In our blog series Meet the Minds Inventing the Future of Video, we go behind the scenes to find out more about some of Ateme’s brightest minds and what they’ve been working on. In part four of the series, we introduce Research and Development Engineer Marwa Tarchouli. She spoke to us about Neural Video Compression and the future of better-quality viewing experiences.
What is your role at Ateme?
A PhD student in the CTO office at Ateme, I work in collaboration with the engineering research institute INSA. My PhD work focuses on neural video compression models. I study their different architectures and develop solutions to overcome their limitations.
What specifically have you been working on at Ateme?
Lately, I’ve been working on developing a solution to the memory saturation hardware limitation that neural video codecs face during high-resolution sequences. I speak more about this in my paper, “Patch-based Image Coding with End-to-End Learned Codec using Overlapping,” published in the 12th International Conference on Digital Image Processing and Pattern Recognition (DPPR 2022).
What is neural video compression?
Neural video compression models are based on deep learning architectures. These include generative adversarial network (GAN), transformers, and recurrent neural networks (RNN). RNNs are used to capture the temporal dependencies between frames, meaning the learning cycles connecting past behavior to current behavior.
The models I’m working on are mainly built on the auto-encoder architecture. In this case, an encoder transforms the input frame into a more compact and compressed representation called latent representation. Then, the representation is quantified, compressed even further, and sent to the decoder side.
What industry challenges does this address?

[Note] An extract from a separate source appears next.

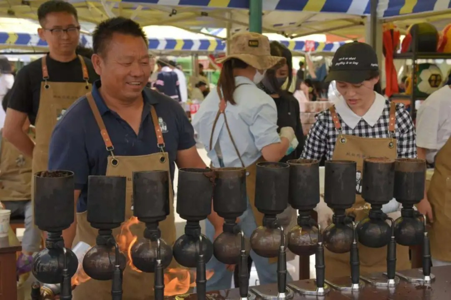 图为保山咖啡师“咖叔”现场展示咖啡技艺。张晓雪 摄
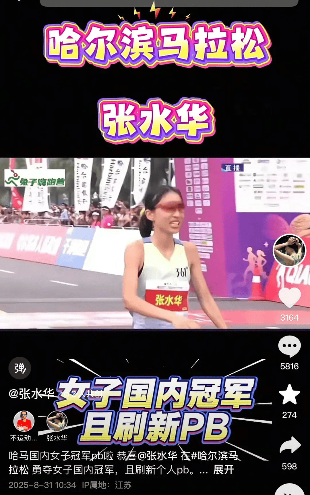 在此前2025哈尔滨马拉松比赛上,张水华以2小时35分27秒刷新个人最好成绩,获得国内女子组冠军。赛后张水华哭诉“望领导支持调休跑马拉松”的视频引发争议。

The video industry needs to ensure high-quality images to keep viewers engaged. In addition, with the dramatic increase of video traffic on the internet, it also needs to reduce video data as much as possible to avoid bottlenecks.

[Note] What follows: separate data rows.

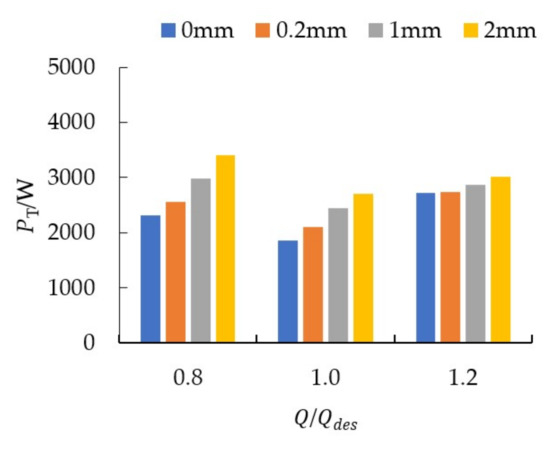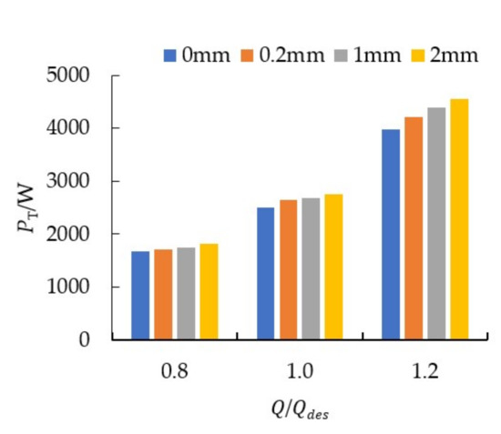 Figure 7 shows the influence of tip clearance on total dissipation under the axial-flow pump condition. In all flow rate conditions, the total dissipation increased with the increase in tip clearance. With the increase in flow rate, the influence of tip clearance change on total dissipation decreased. Under the 0.8 condition, the total dissipation increased by 47.7%; under the 1.0 condition, the total dissipation increased by 45.0%; under the 1.2 condition, the total dissipation increased by 11.2%.
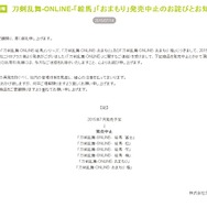 ■刀剣乱舞-ONLINE-「絵馬」「おまもり」発売中止のお詫びとお知らせ
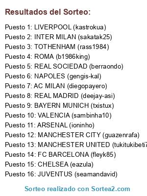 Lista de participantes: NAPOLI, MANCHESTER CITY, TOTTENHAM, INTER, BARCELONA, REAL MADRID, JUVENTUS, BAYERN MUNICH O VALENCIA.

Neural video compression aims to find a trade-off between quality of the reconstructed video and the rate used to transmit it.
What have you achieved in this field at Ateme?
As previously mentioned, as part of my PhD work, I proposed a solution to the hardware limitation that neural video codecs face. In fact, while coding high-resolution frames, neural video codecs encounter a memory saturation problem that makes the compression impossible. Therefore, my solution consists of patch-coding the video frame which remedies the memory saturation problem. Moreover, the overlapping method is employed to eliminate border artifacts. This method also exploits parallel coding to benefit as much as possible from the available memory and, thereby, reduces coding time.
What does neural video compression change for viewers?
The goal is to reduce video data as much as possible while maintaining the best video quality. In this context, exploring deep learning techniques could be a good direction to achieve this goal. In any event, the field of neural video compression is advancing quickly. Gathered from my research and work, I expect that soon it will be much more common for viewers to enjoy high-quality video, even during peak viewing times.